[Start of Attachment]

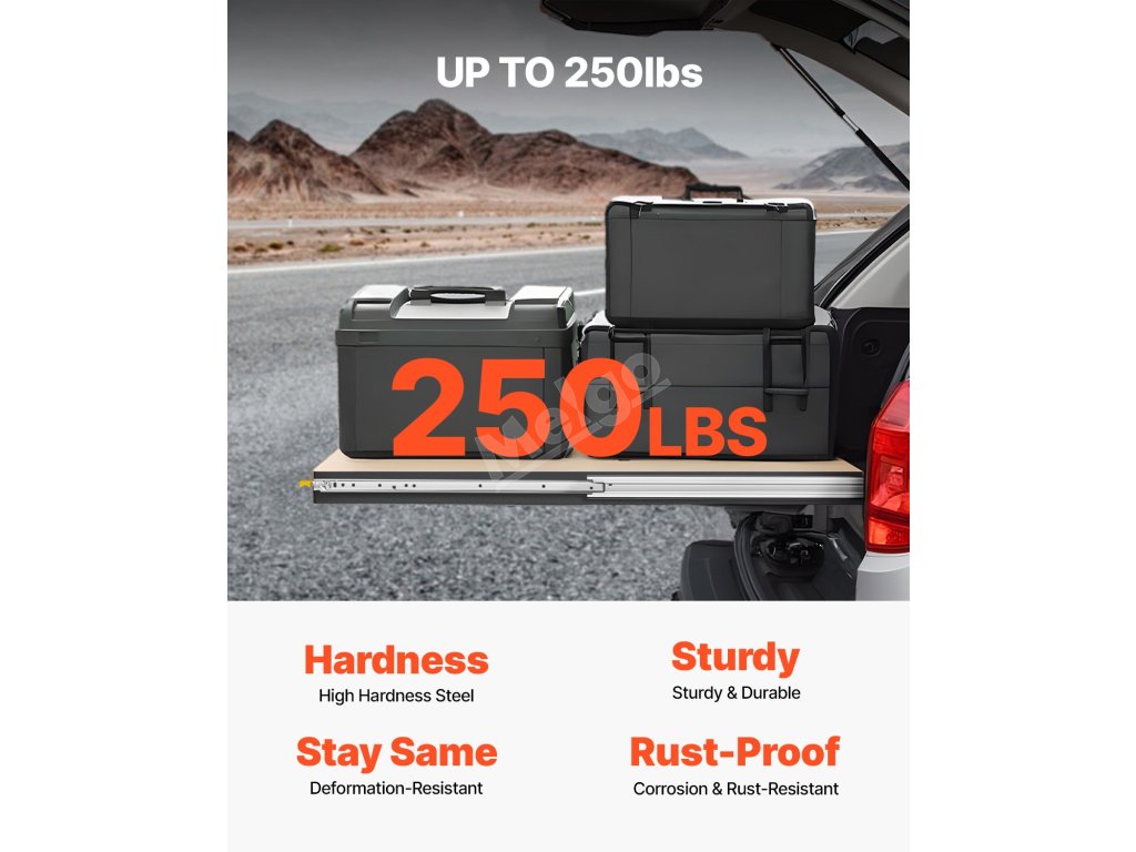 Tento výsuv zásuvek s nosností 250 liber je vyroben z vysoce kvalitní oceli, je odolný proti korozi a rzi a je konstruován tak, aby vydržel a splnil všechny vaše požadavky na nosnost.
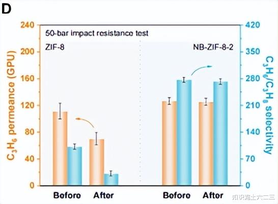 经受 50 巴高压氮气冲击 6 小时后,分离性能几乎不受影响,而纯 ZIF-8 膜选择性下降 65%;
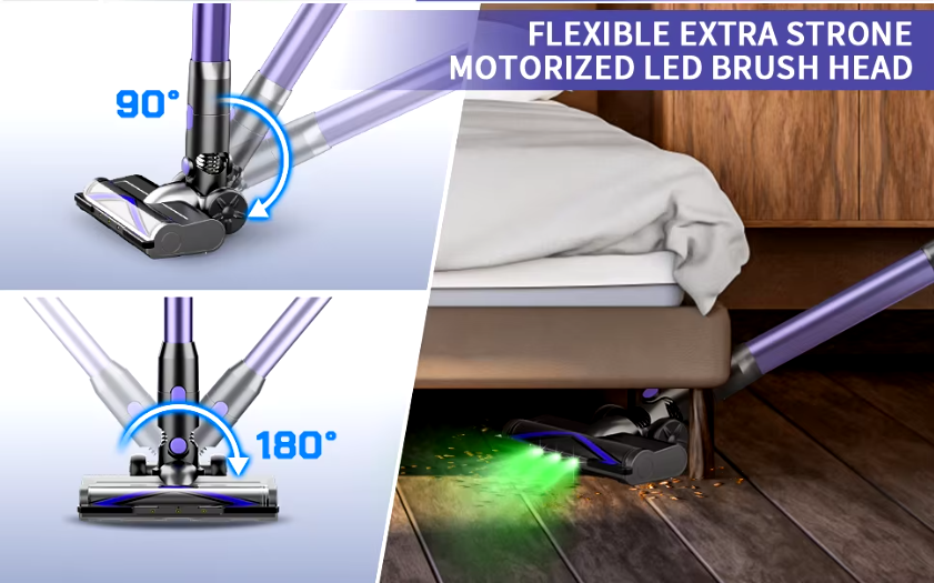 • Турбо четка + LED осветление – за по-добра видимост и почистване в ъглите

[End of Attachment]

§ Activity
Copy every line of the data exactly as written, excluding the pictures.

§ Solution to this exercise
 Tento výsuv zásuvek s nosností 250 liber je vyroben z vysoce kvalitní oceli, je odolný proti korozi a rzi a je konstruován tak, aby vydržel a splnil všechny vaše požadavky na nosnost.
 经受 50 巴高压氮气冲击 6 小时后,分离性能几乎不受影响,而纯 ZIF-8 膜选择性下降 65%;
 • Турбо четка + LED осветление – за по-добра видимост и почистване в ъглите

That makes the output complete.